The unprofessional behaviour, comprising of childish slurs, cheap smear tactics and personal attacks on Twitter against me over the last 48 hours could have been avoided if Tell Mama had responded in the manner that they did yesterday, albeit through a weak and misleading “rebuttal” to my article, writes Dilly Hussain.
On Wednesday 6th January, I wrote an article in the Middle East Eye discussing the relevance of the anti-Muslim hate monitoring group “Tell Mama” in light of a new law that will come into effect in April, which will record Islamophobic hate crime as a separate category of crime like anti-Semitism.
Additionally, I also questioned the group’s judgement, after they shared a platform with the infamous Quilliam Foundation, who have continuously been exposed for having links to far-right extremists and Islamophobes in the US.
Firstly, it is important to stress that my article was an opinion piece, and like every human being, I have an opinion which people are more than welcome to agree or disagree with.

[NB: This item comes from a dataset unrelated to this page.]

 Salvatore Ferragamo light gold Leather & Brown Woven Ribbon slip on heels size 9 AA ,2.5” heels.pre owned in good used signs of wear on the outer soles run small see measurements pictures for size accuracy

I never claimed any definitive facts, nor did I dismiss the good work that Tell Mama have done.
What I did argue however was that, in my personal opinion, when the new law comes into effect in April, what use will Tell Mama have? Why should further taxpayers’ money go towards exceptional treatment of Muslims, compared to all other minority ethnic and religious groups living in Britain? Surely, that cannot simply be judged as a “smear” and points to an act of desperation by an organisation that may have suddenly realised that they could cease to exist in the coming months?

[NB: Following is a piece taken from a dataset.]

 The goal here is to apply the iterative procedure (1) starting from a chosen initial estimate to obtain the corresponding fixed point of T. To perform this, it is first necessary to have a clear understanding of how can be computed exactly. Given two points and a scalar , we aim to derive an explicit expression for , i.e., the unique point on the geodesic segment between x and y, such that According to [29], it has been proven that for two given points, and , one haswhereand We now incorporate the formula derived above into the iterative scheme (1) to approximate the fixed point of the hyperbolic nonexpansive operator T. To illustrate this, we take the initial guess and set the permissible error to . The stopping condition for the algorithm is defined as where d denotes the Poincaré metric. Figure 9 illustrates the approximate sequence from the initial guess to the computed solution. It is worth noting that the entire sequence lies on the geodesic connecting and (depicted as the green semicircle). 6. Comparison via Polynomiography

Secondly, I do not think I said at any point that Tell Mama had not done any good work – rather, I stated that their aims and objectives were “laudable”. However, I pointed out that existing services that record anti-Muslim hate crime were already adequate, and that the new legislation in April could possibly render them irrelevant. Was this point a “smear”? I think not.
Nevertheless, I am now obliged to respond to Tell Mama’s misleading “self-justification” article, which had a consistent undertone of self-importance, cocktailed with subjective statements about semantics, rather than tackling the issues I thoroughly presented and cited in my article.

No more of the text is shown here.